Apesar do acerto de Dilma Rousseff com Renan Calheiros, o PT não gostou. O acordo fechado há meses previa que a vaga de José Jorge fosse de uma indicação dos senadores do partido, e não novamente do PMDB."
Renan, é bom que se lembre, teve papel muito importante na manutenção do veto de Dilma contra a regulamentação da Medicina no Brasil (o "ato médico") - http://www.cremesp.org.br/?siteAcao=Imprensa&acao=crm_midia&id=694
E também no veto à carreira de estado para médicos, anteriormente aprovada pelo Congresso, após negociações entre o então presidente do CFM, Roberto D'Ávila, e a bancada do PT. O negócio terminou em molecagem: Dilma vetou a carreira de estado (sob um pretexto enviesado) e o Congresso manteve o veto da Dilma, também com a ajuda de Renan. Os médicos brasileiros não podem esperar bondades de Renan.

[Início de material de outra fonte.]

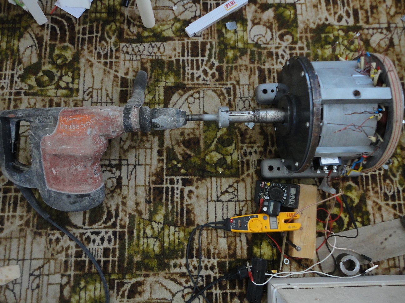O moje nadgarstki się nie martwię bo prądnica stoi na podłodze a wiertarka jest w taki sposób unieruchomiona ,że moim zadaniem jest tylko sterowanie wyłącznikiem.To sama wiertarka jest tak zbudowana ,że powyżej jakiegoś momentu zaczyna przeskakiwać i nie ciągnie.

É bom lembrar que a maioria dos médicos brasileiros perdeu a ingenuidade política com os enfrentamentos com o governo da atual presidente. Não esperam gestos de boa vontade do governo. Mas, também não são tolos a ponto de comprar gato por lebre. Carreira de estado de médico não existe sem concurso público para médico. Não podem as entidades médicas tergiversar nessa questão essencial para a classe médica.
(1) Art. 241. A União, os Estados, o Distrito Federal e os Municípios disciplinarão por meio de lei os consórcios públicos e os convênios de cooperação entre os entes federados, autorizando a gestão associada de serviços públicos, bem como a transferência total ou parcial de encargos, serviços, pessoal e bens essenciais à continuidade dos serviços transferidos. (Redação dada pela Emenda Constitucional nº 19, de 1998)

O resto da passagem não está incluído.